India’s GDP breakdown is quite different from Germany’s. The 2008 financial crisis is quite noticeable as well and seems to particularly have impacted exports, as other countries lost disposable income. It is interesting to note that the government expenditure is around 15% of the GDP throughout the whole period, yet that gross capital formation gains a bigger proportion whilst the proportion of household expenditure keeps on decreasing. We can infer that this is due to a growing population, with increased inequalities; bigger companies and more billionaires, but also more poverty, resulting in less household expenditure.
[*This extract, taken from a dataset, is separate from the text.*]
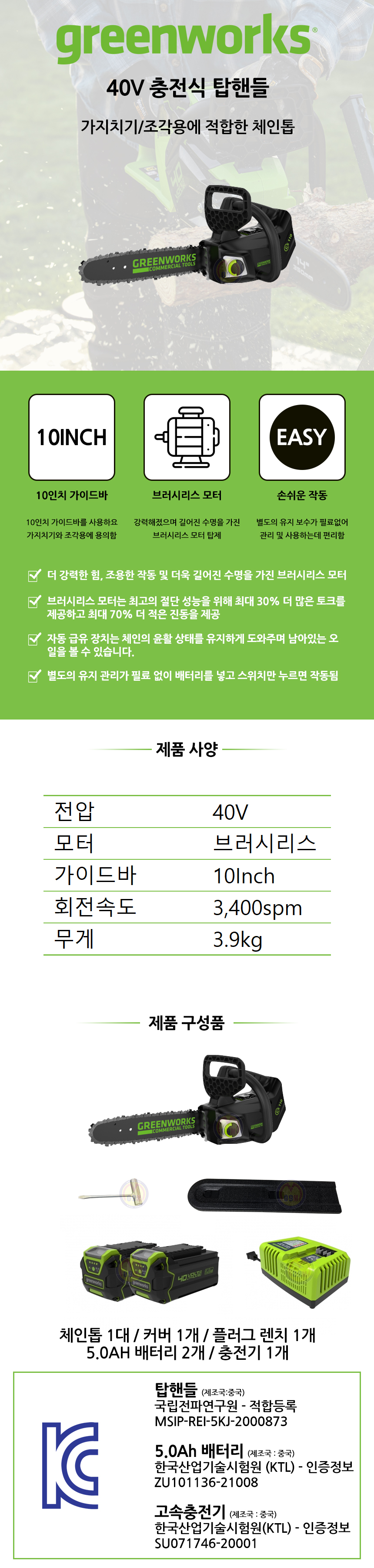 그린웍스 탑핸들톱 40V-5Ah1개 세트, 가치지기용, 무선, 충전톱(MD)

The United States’ GDP split also showcases the impact of the 2008’s financial crisis, for instance with the Federal Reserve’s help towards the bank creating a small red bump in the late 2000s, early 2010s. Overall, government expenditure’s proportion kept on decreasing as republicans were in office, reducing government spending. It is interesting to note that other major financial crisis did not really impact the way the GDP is split up (2001, 1987).